From my experience with both, they would cut twill and even reflectives, just make sure you use the suitable blades. Some twill are made with thicker compound, sometimes cheaper in price but hassle to use when your blade is a bit worn out. Best thing is get good after sales, which you could be access the fastest. 


If you can get better service for the Graphtecs, why not take it? even if it's cheaper. Just for your info, I am currently using the craftrobo to cut the twill and flexs, yep the baby hobbyist machine from Graphtec.


----------



## Chani (Jun 18, 2007)

Well, it's time for Mark and I to decide.

We just got our seed money, so we'll be discussing this at length this weekend.

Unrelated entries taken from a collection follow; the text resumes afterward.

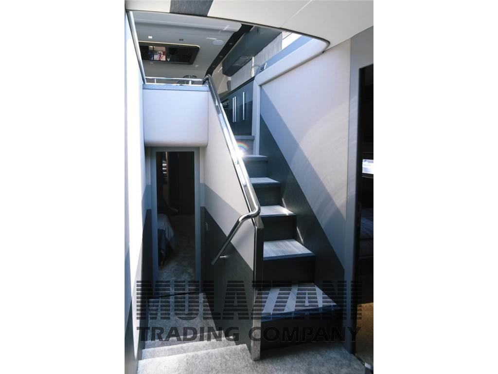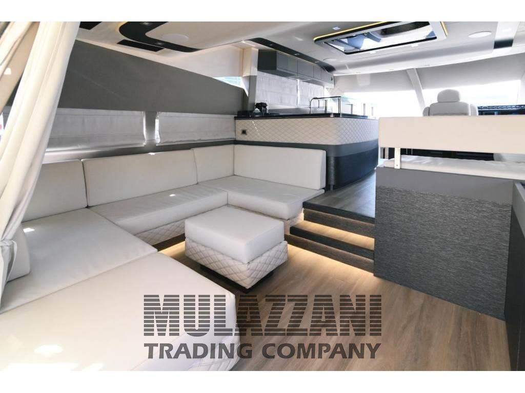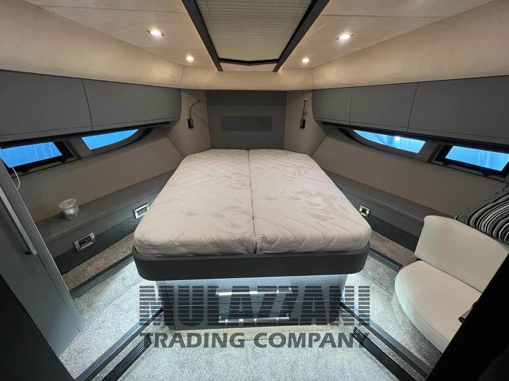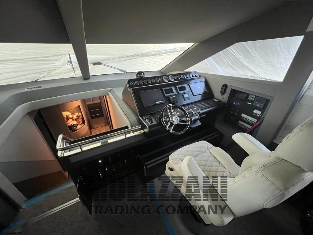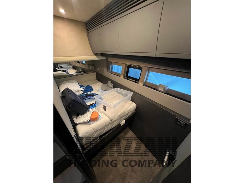 Altoparlanti, Antenna Satellitare TV, Aria condizionata, Barometro, BBQ/ Grill (sul fly), Bimini, Boiler, Cassaforte, Cassetta di pronto soccorso, Clima reversibile, Congelatore, Cucina, Cuscineria completa, Cuscineria di prua, Cuscineria fly, Digitale Terrestre, Dissalatore (200lt), Dotazioni di sicurezza oltre 50 miglia, Forno, 4 Frigorifero esterno, Frigorifero interno, Giubbetti di salvataggio, ICE Maker, Impianto acque nere, Impianto TV, Inverter, Lavastoviglie, Lavatrice, Microonde, Pavimento interno in legno, Piastra elettrica, Prese interne 12v, Prese interne 220v, Riscaldamento, Salvagente anulare con cima munita di boetta luminosa, Serbatoio Acque Nere, Stereo (impianto fusion), Telecamera (con possibilita' controllo in remoto sala macchine e fly), Teli copri finestra, Telo Copertura Fly, Telo coprisedile, 5 TV (in tutti gli ambienti), 5 WC marino elettrico, Zattera di salvataggio (12 px revisione 2023), Interceptor Volvo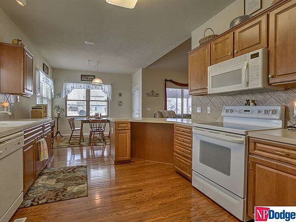 Teri Dennhardt, M: (402) 669-0545, tdennhardt@npdodge.com, www.tdennhardt.com - Former model. B/I speakers & security system. Sunroom. Spacious rooms. Kit has tile backsplash, hardwood flr, birch cabinets & ample amount cabinets & counter space. Dining area overlooks beautiful landscaped backyard fully fenced with white vinyl fence w/gate to walking path. Level yard w/sprinkler system. Master suite has dbl sinks, w/i closet & full bath/whirlpool. Convenient location to park, shopping & lake. Egress window & frame work ready for 3rd BR & full bath rough in.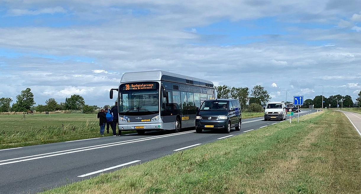 Waardoor de twee voertuigen zijn gestrand op de provinciale weg tussen Groningen en Leeuwarden, is niet bekend.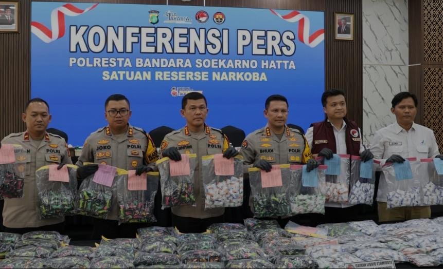 Jakarta – Satuan Reserse Narkoba Polresta Bandara Soekarno-Hatta (Soetta) berhasil mengungkap kasus peredaran cartridge vape berisi obat keras berbahaya (Okerbaya) jenis etomidate, dengan nilai ekonomi mencapai Rp 42,5 miliar.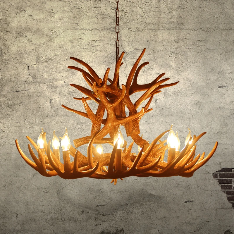 Люстра из смолы с оленьими рогами, лампочка Е14, американские ретро...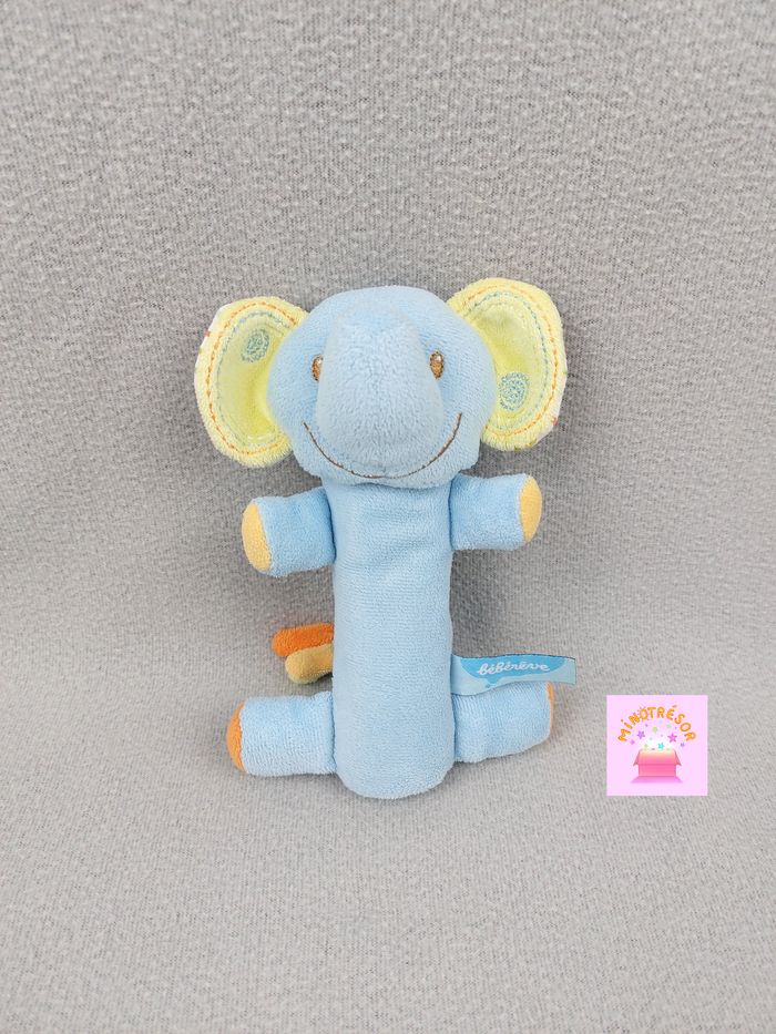 Peluche doudou éléphant bleu vert orange Pouet Pouet 18 cm Bébérêve Très bon état - étiquette blanche derrière la bleue effacée Envoi rapide Réf A10622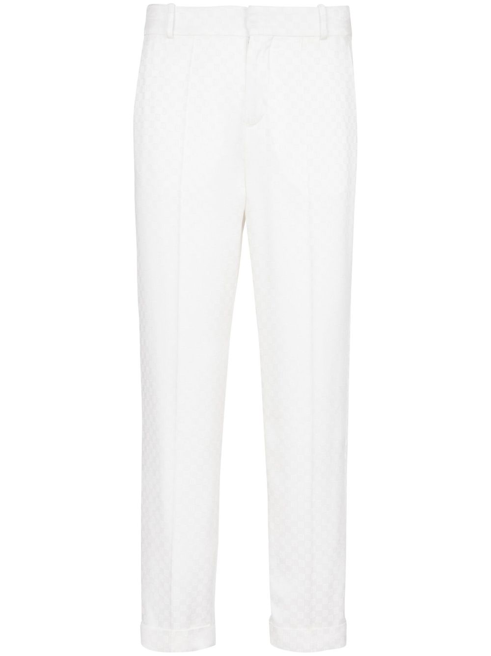白色、经典logo花纹、直筒、正面饰有隐藏式开合、腰带袢、压褶、两侧饰有挖袋、两个后置双嵌线袋。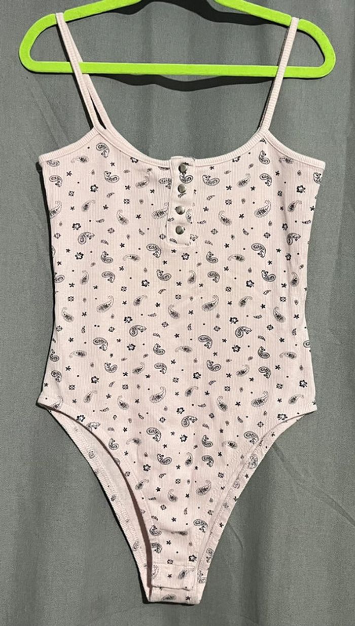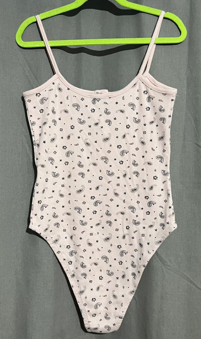 Body femme fine bretelle taille S jennyfer très peu porté couleur rose clair , motif noir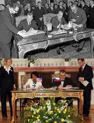 當賴斯和施瓦岑貝格笑容可掬地站在那張金碧輝煌的雕花簽字桌旁沖著記者們的閃光燈舉起手里一紅一黑的協定時,他們還不知道在同一張簽名桌上40年前誕生過一個令捷克蒙受奇恥大辱的城下之盟。
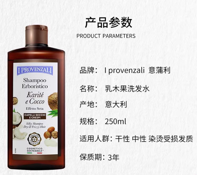 【品名】 I PROVENZALI意蒲利乳木果丰盈修复洗发水250ml+润发乳200ml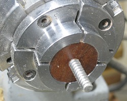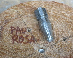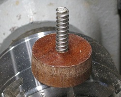 ![]() ![]() ![]() There are three ways around this little problem. I can try to get a replacement worm screw, but that will take weeks. I can go back to eBay and get a dedicated (and perhaps better made) screw chuck for about twenty-five dollars and that will take four days to a week. I can try making a screw chuck and be back in business tomorrow. I found a sturdy, stainless steel, number 12 sheet metal screw. Number 14 would be better, but this will do. I found a scrap of curupay, which is even harder than pau rosa. I glued this to a piece of maple mounted in the chuck jaws. Then I carefully turned the curupay to a disk, tapering slightly and one inch diameter at the small end. I drilled it to take the screw (using a drill chuck in the tailstock) and also drilled and squared up a recess for the screw head. Then I parted it off at a thickness very slightly less than the depth of the chuck jaws. I put epoxy on the screw, ran it in firmly and put it in a warm oven to set. Then I ground off the point, shortening it to three-quarters of an inch. Mounted in the chuck, pressed hard against the back of the jaws and gripped by the taper, this looks pretty much the same as the broken worm screw. With a smaller thread, mounting the blanks is a lot easier, but, to my surprise, it seems to hold just fine, even to turn the second pau rosa blank to round (lower left in photo)! The lesson learned is that I was drilling too small a hole in the blank and putting too much effort into screwing it onto the chuck. Going forward, I will use the same hole size for softer woods such as cherry and walnut, but a slightly bigger hole with an easier fit for hard maple and harder woods.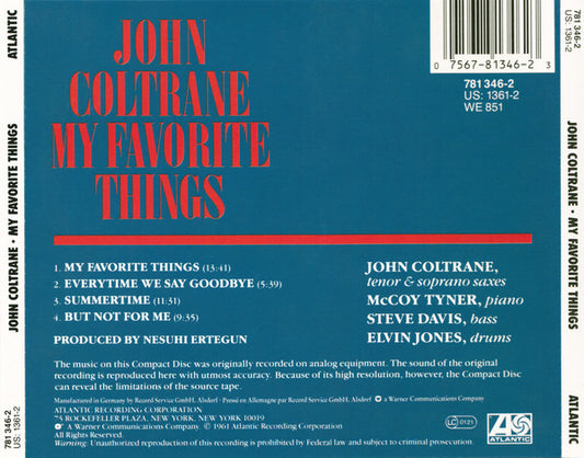 John Coltrane - My Favorite Things (CD, Album, RE, RM) Europe 0 VG+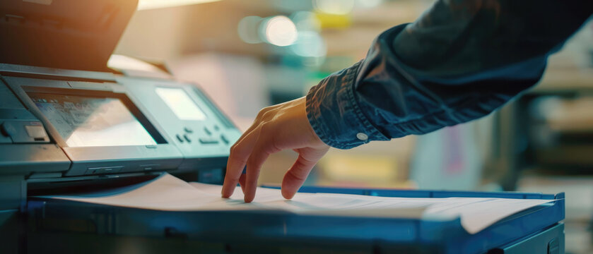 A person is using the copy machine to make a printed document, close-up of hand and printer with paper in office background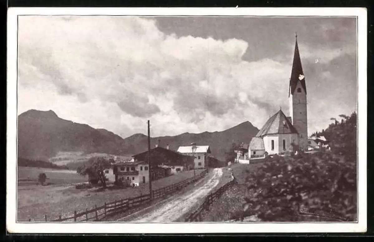 AK St. Jakob am Pillersee, Ortspartie mit Kirche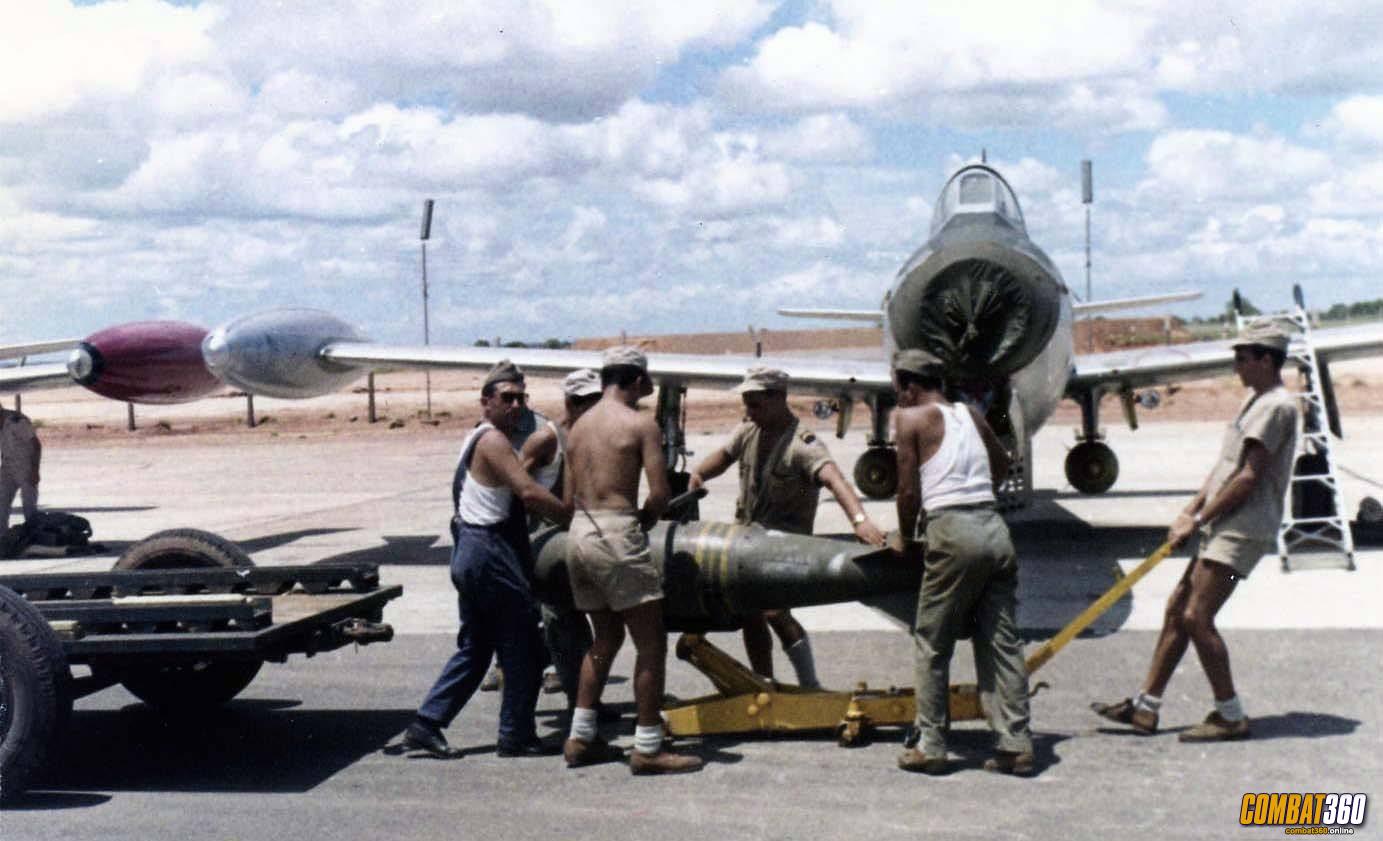 A Portuguese Air Force F-84 Thunderjet being loaded with ordnance in the 1960s, at Luanda Air Base.

I know that whichever one we get we'll be happy. I know I will be! I already have our first company t-shirt design ready to go!  This one will GET NOTICED!


----------



## Chani (Jun 18, 2007)

Well, we decided to get one today. We were going to wait until Monday, but I called our supplier, and they were running a sale on shipping, plus I was able to get an additional $100 off the plotter. We should get it either Wed or Thurs of next week.

We had a bit of a snafu because our debit cards have a $1000 daily spending limit, so we were initially denied, but then I called back and we were able to combine the purchase on our two cards, and that went through. 

Now we need to order some vinyl. We got samples of Specialty Materials products from Beacon today, but we're also considering MultiCut because it's 20" instead of 15", and also TuffCut from Joto.

Then we need to order some t-shirts. I think SanMar will be our primary supplier. I loved the service I got when I called to set up our account, and I like that they offer case prices for any number of shirts ordered.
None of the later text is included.